It is certainly a very laudable thing to receive a instruction from the great workmaster of nature, and for that reason all experimental philosophy is instituted, but why is it so but that we may investigate the causes of things. This is what Newton has done, and he has been successful. The theory of gravitation is no conjecture, and therefore you may safely admit it202.

Queste riflessioni sulla ricezione da parte di Herschel dell’opera di Newton e dei suoi maggiori divulgatori, ci hanno portato ben oltre il limite temporale che ci eravamo imposti per questo capitolo, le mie intenzioni erano comunque quelle di dimostrare come ciò rappresentasse non soltanto una parte importante nella sua formazione ma che rimase una costante nelle riflessioni e nei dibattiti a cui partecipò203.

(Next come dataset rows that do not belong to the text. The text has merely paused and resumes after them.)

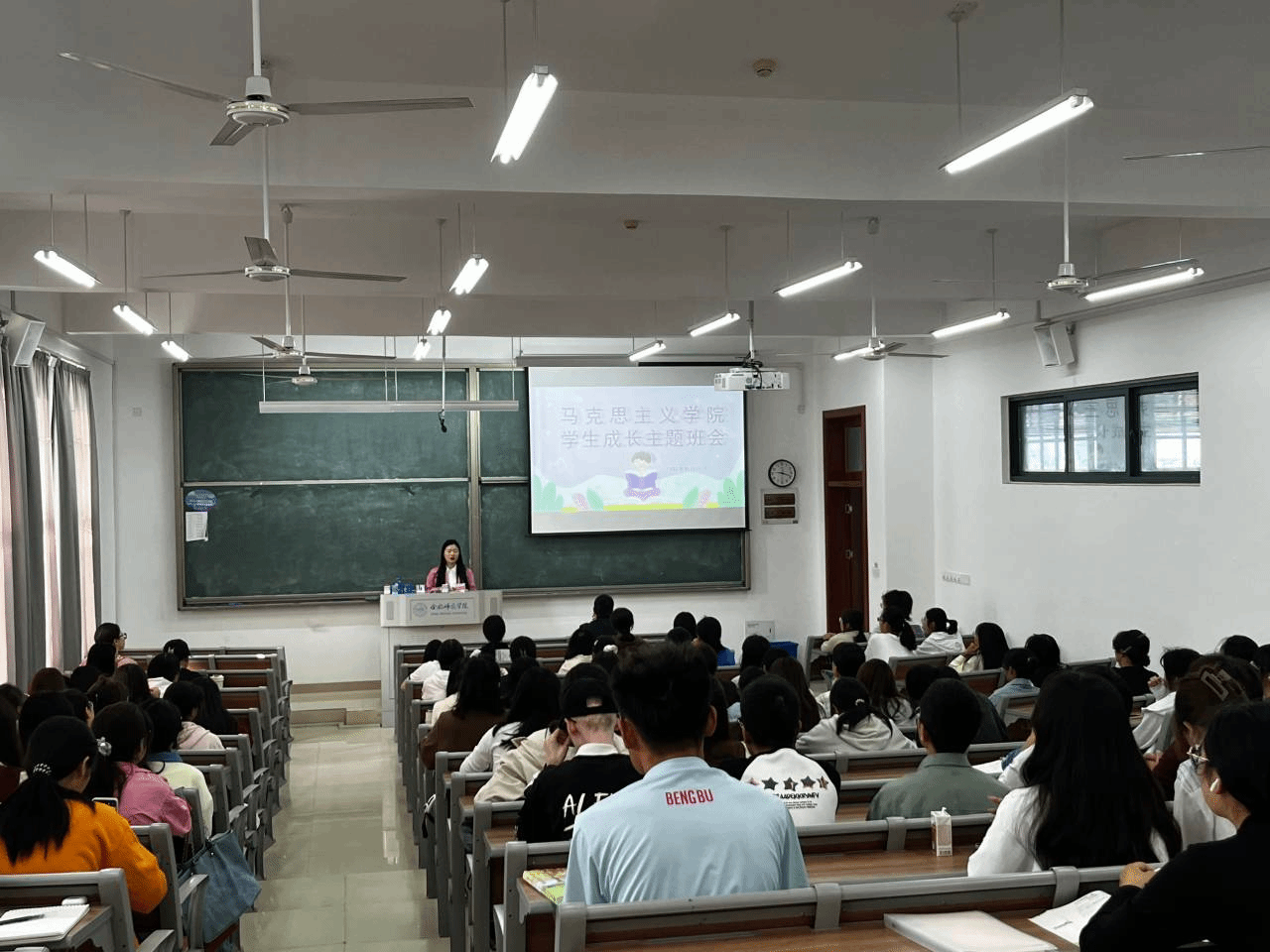 王萌传达了学校举办的校园消防安全知识讲座有关精神,通过列举相关高校火灾案例,引导学生高度重视消防安全,严禁在宿舍使用违规电器,离开宿舍时切断电源,坚决杜绝用电安全问题。同时,她要求同学们保护好人身财产,提升加强防诈骗和防传销的意识。
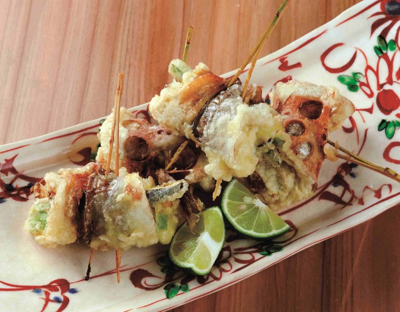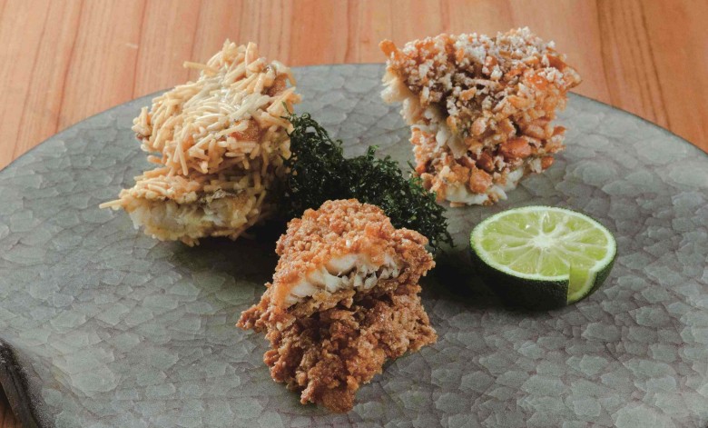 玄米フレーク、そうめん、柿の種を衣にして揚げました
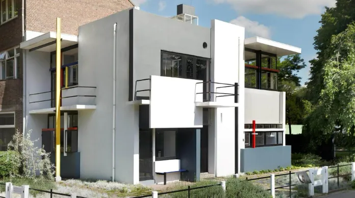 '데 스틸' 양식으로 세워진 가장 유명한 건물은 건축가 리트벨트(1888~1964)가 1924년 네덜란드의 우트레흐트에 수뢰더 부인의 의뢰로 설계한 슈뢰더 하우스입니다. 카드처럼 평평한 지붕과 벽으로 구성된 이 밝은 주택은 주위의 어두운 분위기와 극적으로 차별되고 있습니다.
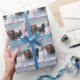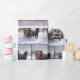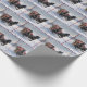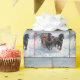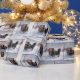 Två svarta hästar drar en sömn fylld med färgat Julklapp genom ett snöslandskap
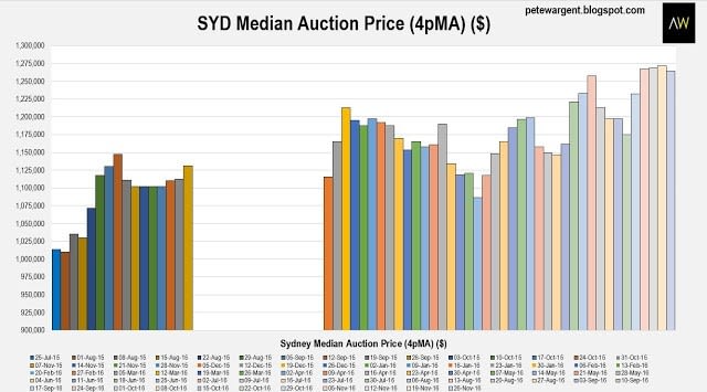 Smoothing the median auction prices of a 4pMA basis shows that over the past two months median auction prices have been tracking about 10 per cent or so higher than a year ago.
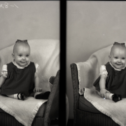 Photo of two separate images of the same unidentified young girl seated on a covered chair.

Un tema che sarà fondamentale per lo sviluppo della cosmologia di Herschel, e che lo interessò sin dalla fine degli anni settanta, fu la riflessione sulle forze centrali, argomento che si inserisce all’interno di quella tradizione newtoniana di cui abbiamo parlato fin qui e che coinvolge un altro degli autori che secondo una buona parte degli storici maggiormente influenzarono Herschel nelle proprie riflessioni, ovvero Ruggero Boscovich. Negli anni 80 del diciottesimo secolo, Herschel presentò alla Philosophical Society di Bath due memorie dal titolo: “On the Central Powers of the Particles of Matter”, comunicato il 18 febbraio 1780 e “On the Central Powers”, comunicato nel gennaio 1781. Questi due scritti si inserivano in un più ampio dibattito scaturito dalla lettura dell’Optics di Priestley, e dal quesito che se ne poteva ricavare su cosa accadesse

202 Lettera di W. Herschel a W. Smith, 27 febbraio 1794, RAS MS Herschel W.1\1 p.201

203L’adesione di Herschel alla filosofia della natura newtoniana emerge anche dalla sua corrispondenza con Patrick Wilson che toccò molti argomenti di ottica, come gli anelli di Newton cui Herschel aveva dedicato anche alcune memorie presentate alla Royal Society.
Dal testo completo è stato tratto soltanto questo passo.